This question arose from my attempt to solve the problem posed in this fascinating question about the gradient of a soft function in $ mathbb {S} ^ 2 $.

Fix a finite set, $ P $, of an even number of points $ p_1, ldots, p_N in mathbb {S} ^ 2 $. Leave $ C (p_i) = {q in mathbb {S} ^ 2: q cdot p_i = 0 } $ Be set of large circles with axis of $ p_i $.

We make the following assumptions

- $ C (p_i) neq C (p_j) $ for $ p neq j $
- $ C (p_i) cap C (p_j) cap C (p_k) = emptyset $ for different $ p_i, p_j, p_k $.

Now let $ V = {q in mathbb {S} ^ 2: q in C (p_i) cap C (p_j), mbox {some} p_i neq p_j } $. This is the set of {vertices}.

Leave

$$

Gamma = bigcup_ {p in P} C (p) $$

and let $ E $ be the set of components of $ Gamma backslash V $. This is the set of edges. Clearly, $ (V, E) $ It is a flat graph. Finally, let's go $ F $ be the set of the components of $ mathbb {S} ^ 2 backslash Gamma $. This is the set of faces. We can think of $ (F, E) $ as the dual chart for $ (V, E) $.

Keep in mind that the antipodal map $ A: mathbb {S} ^ 2 to mathbb {S} ^ 2 $ Induces an involution in the sets. $ V $, $ E $ Y $ F $ which we will also denote by $ A $.

Now suppose we have a map $ sigma: F to {0, ldots, N } $ with the property that

- $ sigma (f) + sigma (A (f)) = N $
- Yes $ f_1 $ Y $ f_2 $ they are adjacent faces, then $ | sigma (f_1) – sigma (f_2) | = 1 $ (that is to say., $ sigma $ Jump through one through an edge.

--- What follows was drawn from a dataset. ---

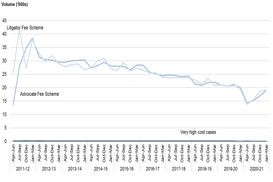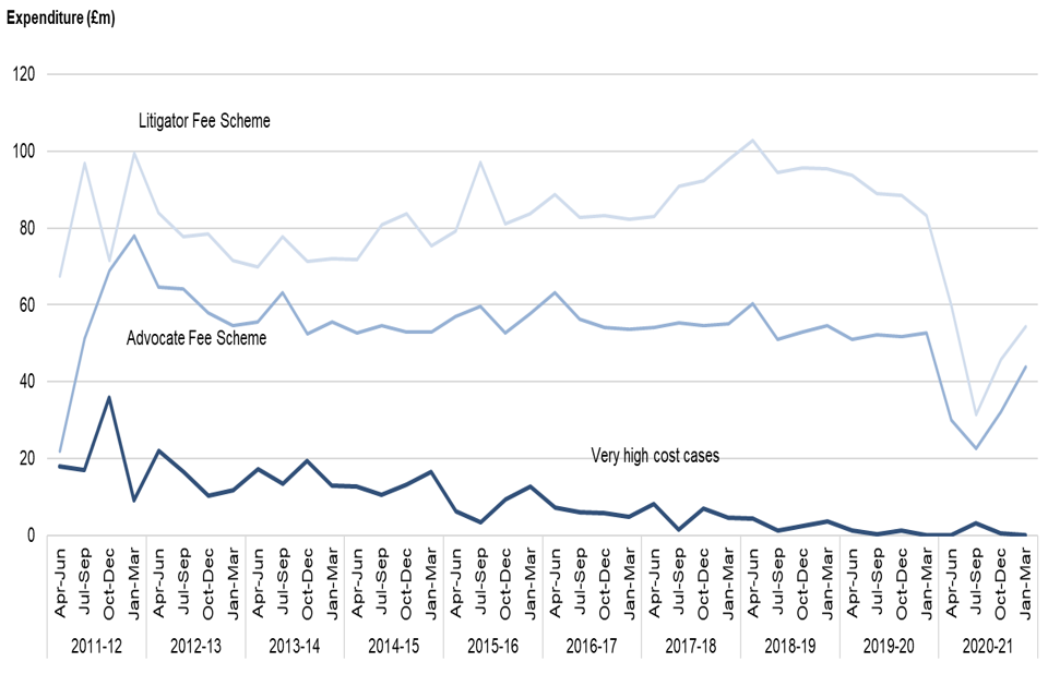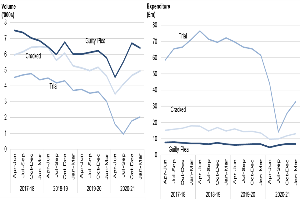 Overall Crown Court expenditure decreased this quarter; down by 28% in January to March 2021 compared with the same period of the previous year. This is driven by a falling volume in the category of completed trials within the Crown Court due to the ongoing pandemic, with completed trial expenditure in the graduated fee schemes falling by around a half over the same period.

Look at the construction ensuring that each vertex. $ v $ It limits four edges and thus one has four faces. $ f_1 $, $ f_2 $, $ f_3 $ Y $ f_4 $ meet in $ v $, then, until the re-labeling $ sigma (f_1) = sigma (f_2) $, $ sigma (f_3) = sigma (f_2) -1 $ Y $ sigma (f_4) = sigma (f_2) + 1 = sigma (f_3) + 2 $.

Now let $ F_e = {f in F: sigma (f) mbox {even} } $ and y $ F_o = {f in F: sigma (f) mbox {odd} }. $

Leave

$$

F_o & # 39; = {f in F_o: sigma (f) geq 3 mbox {y} sigma (A (f)) geq 3 }.

$$

As $ N $ it's even, we have $ A (F_e) = F_e $ Y $ A (F_o) = F_o $.

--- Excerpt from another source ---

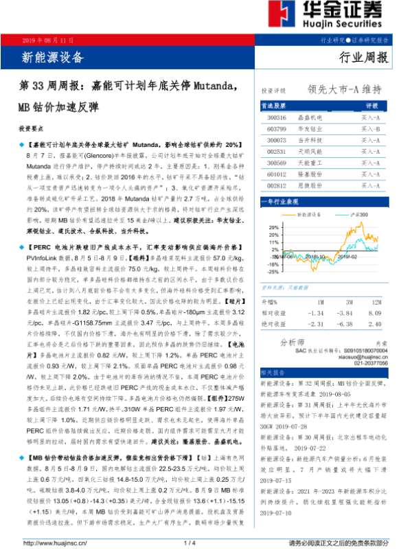 【华金证券】【20190811】新能源设备第33周周报:嘉能可计划年底关停Mutanda,MB钴价加速反弹-4页 行业研究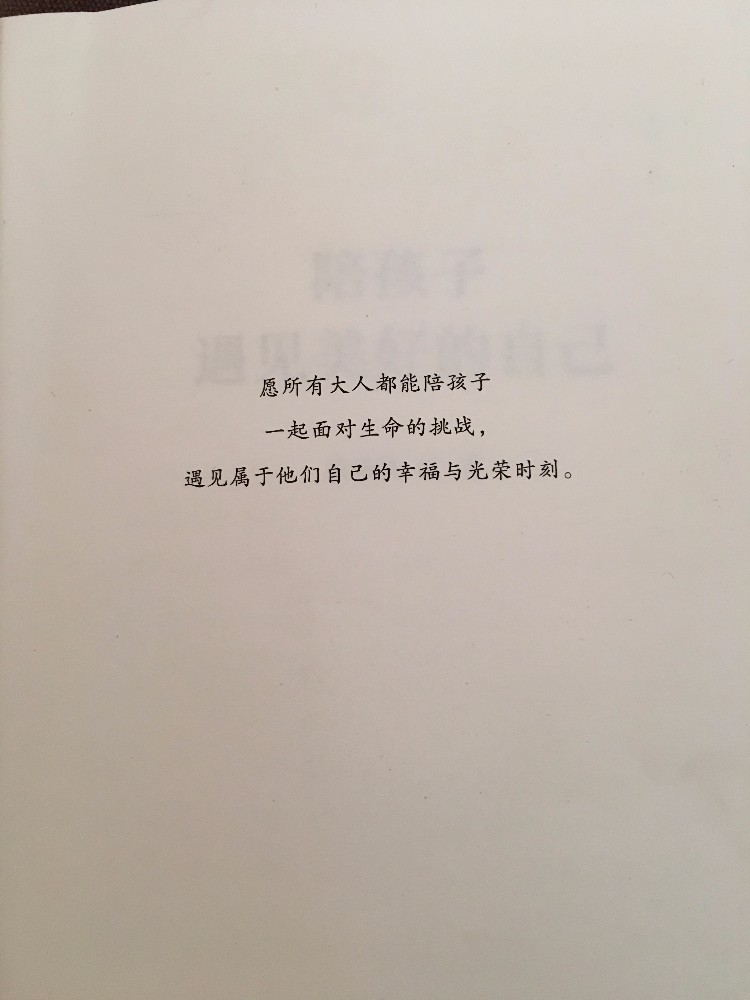 收到这本书很开心,包装得很好,有塑胶封,有股书的清香。《陪孩子遇见美好的自己》,喜欢这个书名,陪孩子遇见美好的自己,送上扉页的一句话,愿所有大人都能陪孩子一起面对生命的挑战,遇见属于他们自己的幸福与光荣时刻。

by $ F_o & # 39; & # 39; $ some unspecified subset of $ F_o & # 39; $, we are interested in the following problem:

**Issue:** Determine if $ F_o & # 39; & # 39; cup F_e $ contains a connected path (in the dual graph $ (F, E) $) connecting antipodal faces.

When $ N = 2 $ or $ N = 4 $, $ F_o & # 39; $ it is empty and it is easy to see any path between the antipodal points in $ F_e $ must go through $ F_o $ – That is, there is no route as requested by the problem. I have no idea what can happen when $ N = 6 $. My suspicion is that for $ F_o & # 39; & # 39; $ big enough one can have such a way.